* [Material supplied]:
_ _ _ _ _
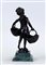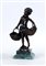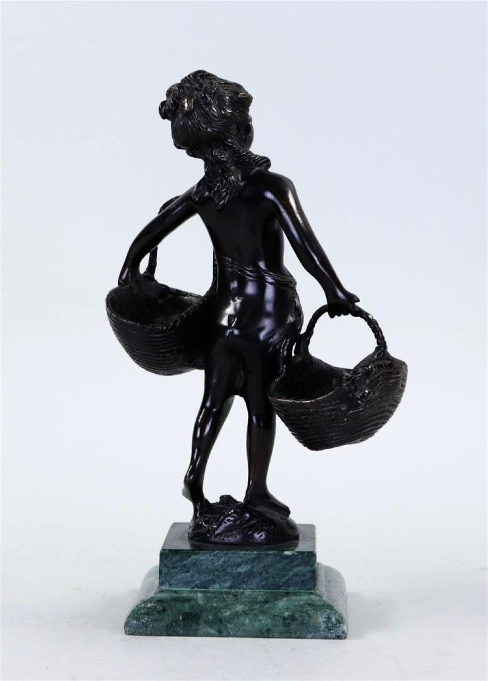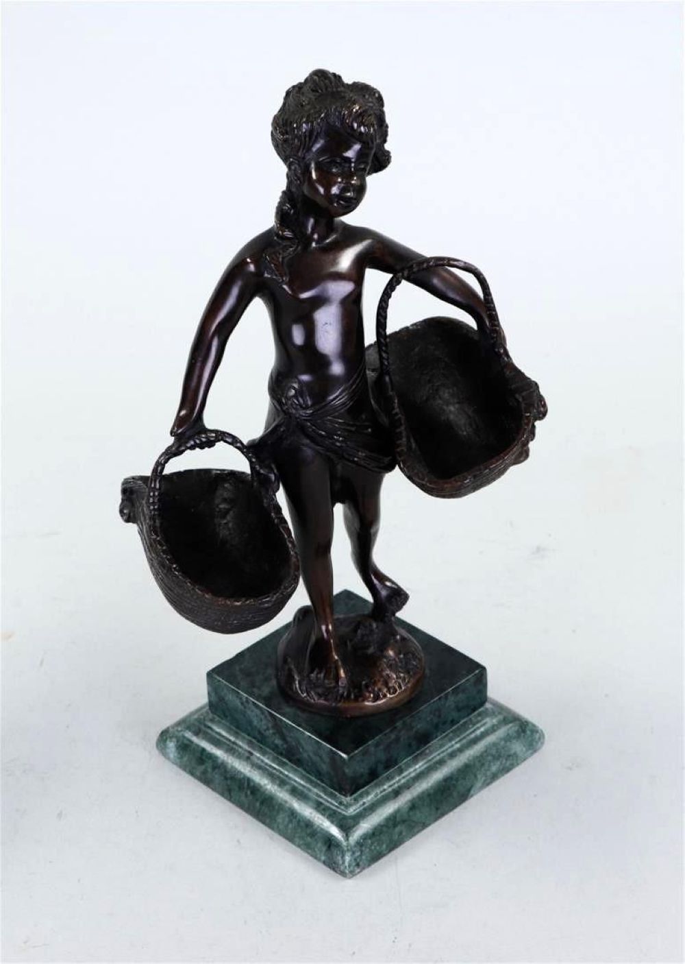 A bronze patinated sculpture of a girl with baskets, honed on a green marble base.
_ _ _ _ _
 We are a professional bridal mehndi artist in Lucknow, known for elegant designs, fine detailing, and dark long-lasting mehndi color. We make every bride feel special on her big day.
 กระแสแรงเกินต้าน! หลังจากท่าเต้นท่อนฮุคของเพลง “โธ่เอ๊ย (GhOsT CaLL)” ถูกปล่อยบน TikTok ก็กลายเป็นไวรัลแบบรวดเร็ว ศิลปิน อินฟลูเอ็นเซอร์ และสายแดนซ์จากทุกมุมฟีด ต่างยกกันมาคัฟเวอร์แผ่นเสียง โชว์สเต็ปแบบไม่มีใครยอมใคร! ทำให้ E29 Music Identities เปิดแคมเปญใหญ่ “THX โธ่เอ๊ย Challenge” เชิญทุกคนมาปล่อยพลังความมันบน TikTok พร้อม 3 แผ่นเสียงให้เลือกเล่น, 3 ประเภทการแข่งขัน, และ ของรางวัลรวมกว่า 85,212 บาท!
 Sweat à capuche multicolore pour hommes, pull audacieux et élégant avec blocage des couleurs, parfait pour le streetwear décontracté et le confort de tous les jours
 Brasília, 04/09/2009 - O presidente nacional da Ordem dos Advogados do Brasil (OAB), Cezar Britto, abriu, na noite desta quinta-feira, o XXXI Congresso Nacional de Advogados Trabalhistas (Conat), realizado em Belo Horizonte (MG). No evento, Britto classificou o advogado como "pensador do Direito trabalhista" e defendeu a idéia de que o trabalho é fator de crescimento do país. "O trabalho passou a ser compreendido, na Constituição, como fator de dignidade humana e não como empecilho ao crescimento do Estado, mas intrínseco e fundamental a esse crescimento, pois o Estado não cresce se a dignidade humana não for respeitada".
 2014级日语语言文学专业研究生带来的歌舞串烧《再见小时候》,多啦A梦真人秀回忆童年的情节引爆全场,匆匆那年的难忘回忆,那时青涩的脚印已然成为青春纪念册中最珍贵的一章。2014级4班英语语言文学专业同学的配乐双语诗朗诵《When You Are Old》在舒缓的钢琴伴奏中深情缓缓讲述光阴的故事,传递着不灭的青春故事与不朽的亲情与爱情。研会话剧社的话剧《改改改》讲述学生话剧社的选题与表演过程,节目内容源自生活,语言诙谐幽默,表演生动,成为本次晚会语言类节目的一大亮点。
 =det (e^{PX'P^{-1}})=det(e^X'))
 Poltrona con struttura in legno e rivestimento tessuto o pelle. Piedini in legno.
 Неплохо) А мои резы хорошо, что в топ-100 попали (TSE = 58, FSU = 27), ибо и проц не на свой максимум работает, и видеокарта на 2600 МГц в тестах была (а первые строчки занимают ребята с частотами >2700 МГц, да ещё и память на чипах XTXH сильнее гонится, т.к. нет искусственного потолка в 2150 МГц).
_ _ _ _ _
* [Task]:
In the listing above, locate the line containing "Sweat à capuche" and the line containing "Poltrona con struttura". Transcribe those two lines and everything between them, exactly as written.

* [Reply]:
 Sweat à capuche multicolore pour hommes, pull audacieux et élégant avec blocage des couleurs, parfait pour le streetwear décontracté et le confort de tous les jours
 Brasília, 04/09/2009 - O presidente nacional da Ordem dos Advogados do Brasil (OAB), Cezar Britto, abriu, na noite desta quinta-feira, o XXXI Congresso Nacional de Advogados Trabalhistas (Conat), realizado em Belo Horizonte (MG). No evento, Britto classificou o advogado como "pensador do Direito trabalhista" e defendeu a idéia de que o trabalho é fator de crescimento do país. "O trabalho passou a ser compreendido, na Constituição, como fator de dignidade humana e não como empecilho ao crescimento do Estado, mas intrínseco e fundamental a esse crescimento, pois o Estado não cresce se a dignidade humana não for respeitada".
 2014级日语语言文学专业研究生带来的歌舞串烧《再见小时候》,多啦A梦真人秀回忆童年的情节引爆全场,匆匆那年的难忘回忆,那时青涩的脚印已然成为青春纪念册中最珍贵的一章。2014级4班英语语言文学专业同学的配乐双语诗朗诵《When You Are Old》在舒缓的钢琴伴奏中深情缓缓讲述光阴的故事,传递着不灭的青春故事与不朽的亲情与爱情。研会话剧社的话剧《改改改》讲述学生话剧社的选题与表演过程,节目内容源自生活,语言诙谐幽默,表演生动,成为本次晚会语言类节目的一大亮点。
 =det (e^{PX'P^{-1}})=det(e^X'))
 Poltrona con struttura in legno e rivestimento tessuto o pelle. Piedini in legno.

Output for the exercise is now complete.